--- Information Enclosed Below ---

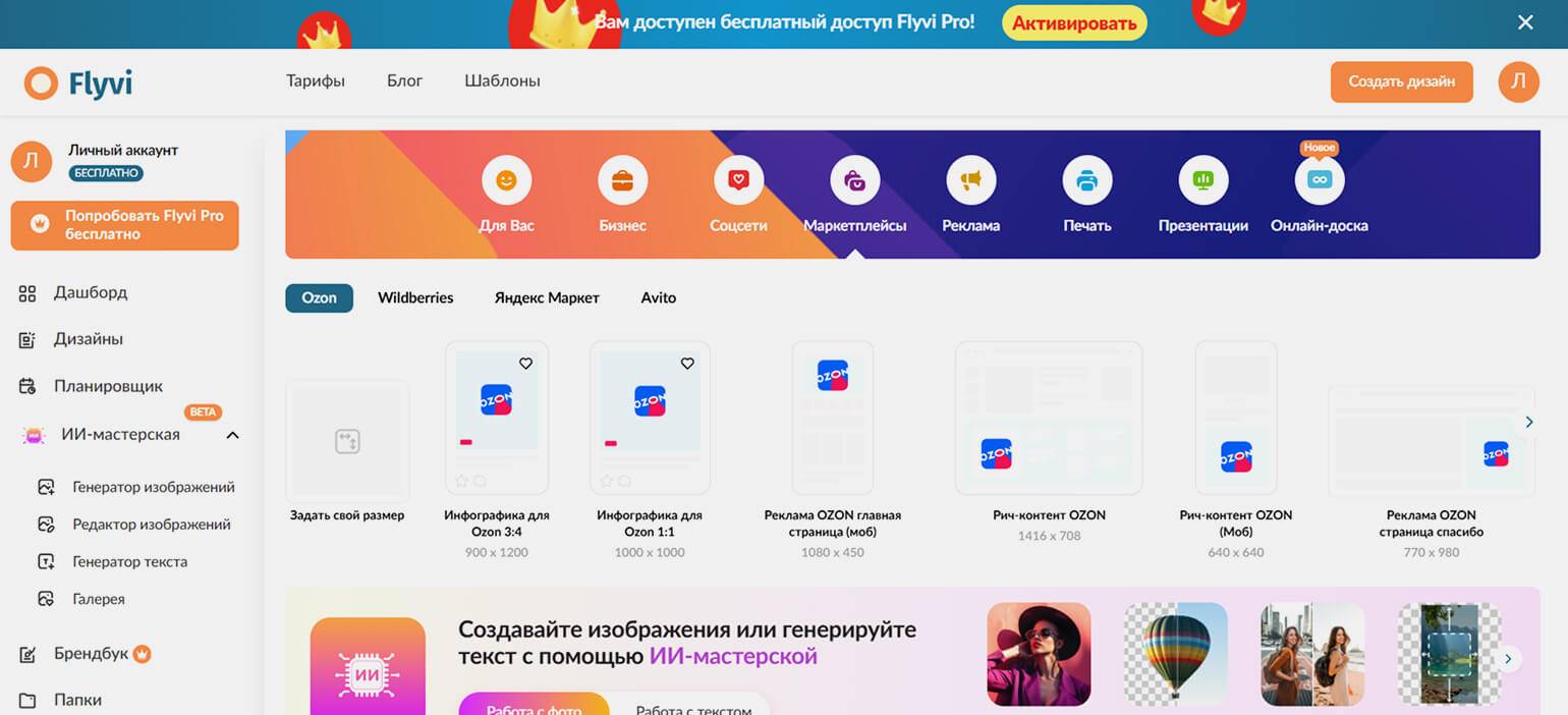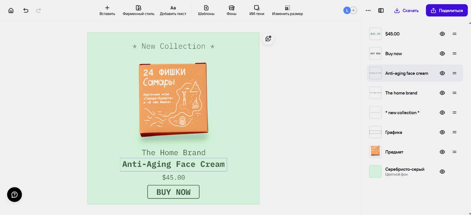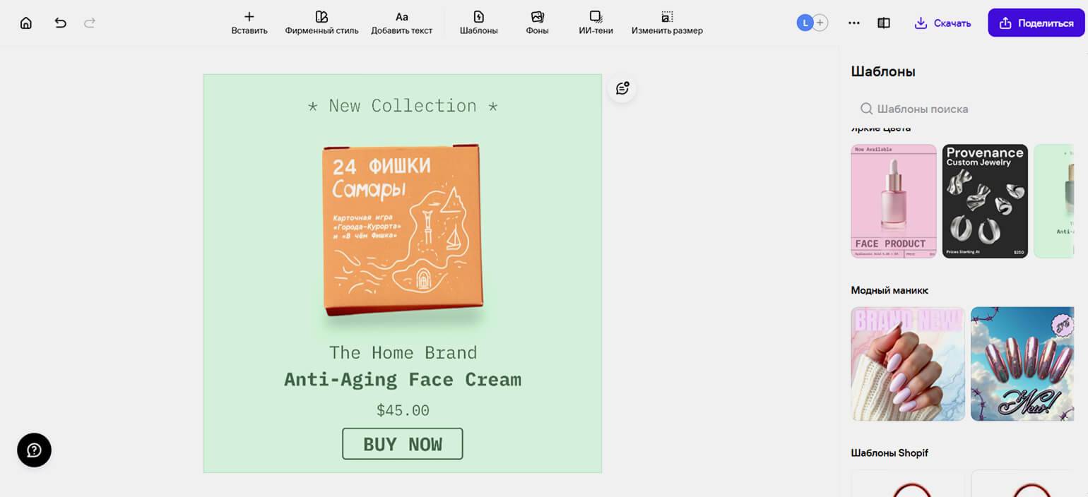 Это конструктор специально для создания карточек товаров на маркетплейсах. В нём можно удалять фон с фото, изменять его, добавлять элементы инфографики, использовать шаблоны.
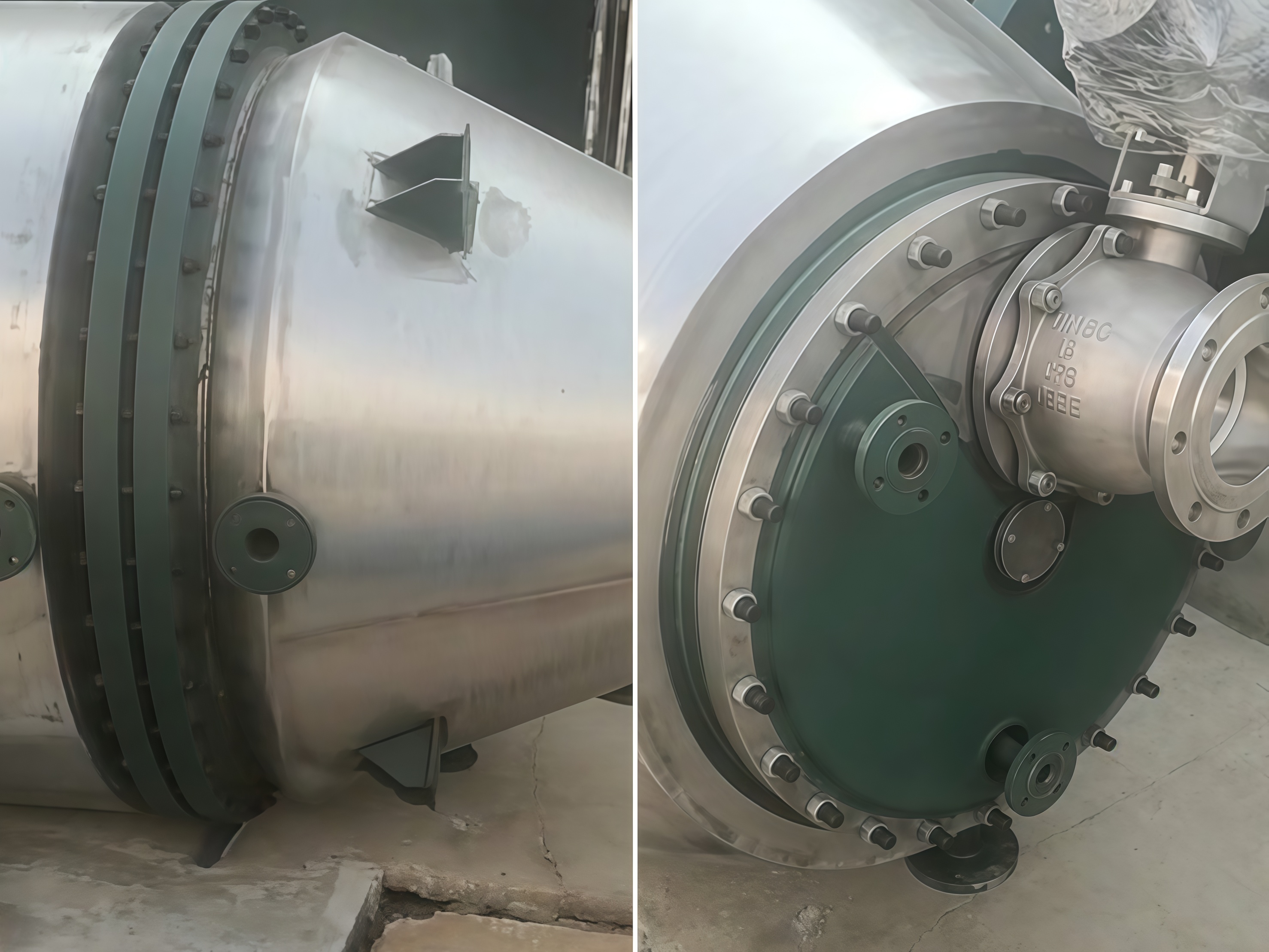 ⑦ The process connection pipes adopt ISO2852 clean quick-opening or flange connection (the clamps are high-pressure clamps; the feed port, blasting vent port, pressure transmitter port, mother liquor outlet, and jacket inlet and outlet are flange connections), meeting the requirements of pressure vessels.
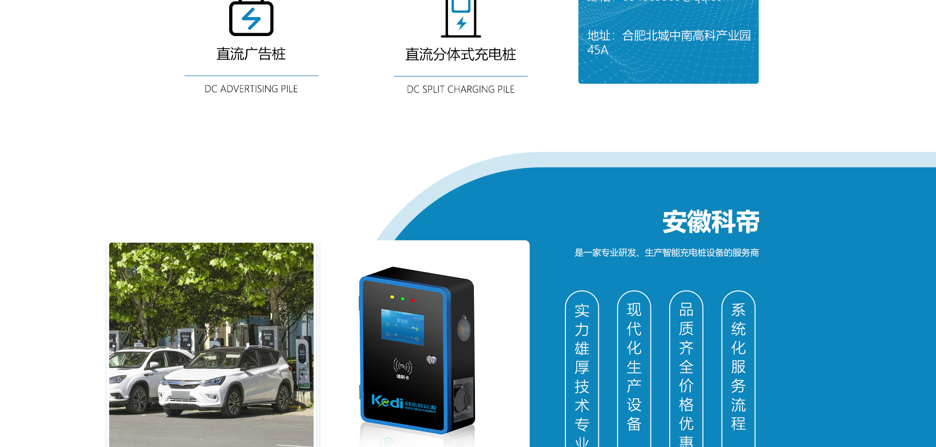 關于我們安徽科帝新能源科技有限公司坐落于安徽省會-合肥,是一家研發(fā)、生產智能充電樁設備,汽車充電站后臺監(jiān)控管理系統(tǒng)和生產高壓開關設備的企業(yè).由專門的研發(fā)團隊、管理團隊按照現(xiàn)代化企業(yè)制度規(guī)范設立的有限責任公司。致力于為能源智能、安全的應用和節(jié)能減排提供整體的技術與產品解決方案。科帝集研發(fā)、設計、生產、銷售以及服務于一體,在電動汽車充電方案,充電設施建設和城市配電方面擁有廣泛的技術研究及經(jīng)驗積累,為客戶提供安全、智能的充電設備及充電運營站建設一體化解決方案。并堅持以人為本、質量為先、顧客至上、不斷創(chuàng)新”的企業(yè)理念,為能源行業(yè)的發(fā)展、節(jié)能減排做出重大的貢獻。公司擁有豐富的產品種類,目前科帝已研發(fā)生產了三十多種產品,充電設備有直流一體式充電樁、直流分體式充電樁、直流廣告樁、交流廣告樁、廣告一體樁、壁掛交直流樁;等多種充電設備;每一款產品都是精心打造,力求為客戶提供優(yōu)越的用戶體驗。展望未來科帝將通過持續(xù)的自...
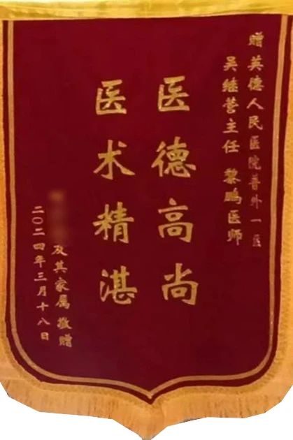 日前,英德市人民医院成功为一名93岁结肠癌患者实施腹腔镜下右半结肠癌根治术。患者已康复出院,家属送上锦旗,感谢普外一区医护团队的精心治疗。
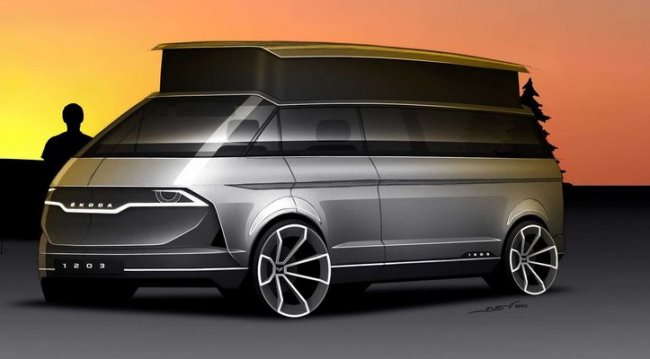 Теперь Skoda, судя по всему, собирается снова наладить в Чехии производство минивэна под названием 1203, только уже электрического. Компания представила изображения концепта будущей модели, созданные дизайнером Даниэлем Хайеком. На рисунках показана стандартная версия электромобиля и автокемпер с подъемной крышей.

--- End of Enclosed Information ---

### What you need to do
Starting with the line that contains "日前,英德市人民医院成功为一" and ending with the last line of the data above, transcribe exactly those lines and no others, without pictures.

### Result of the task
 日前,英德市人民医院成功为一名93岁结肠癌患者实施腹腔镜下右半结肠癌根治术。患者已康复出院,家属送上锦旗,感谢普外一区医护团队的精心治疗。
 Теперь Skoda, судя по всему, собирается снова наладить в Чехии производство минивэна под названием 1203, только уже электрического. Компания представила изображения концепта будущей модели, созданные дизайнером Даниэлем Хайеком. На рисунках показана стандартная версия электромобиля и автокемпер с подъемной крышей.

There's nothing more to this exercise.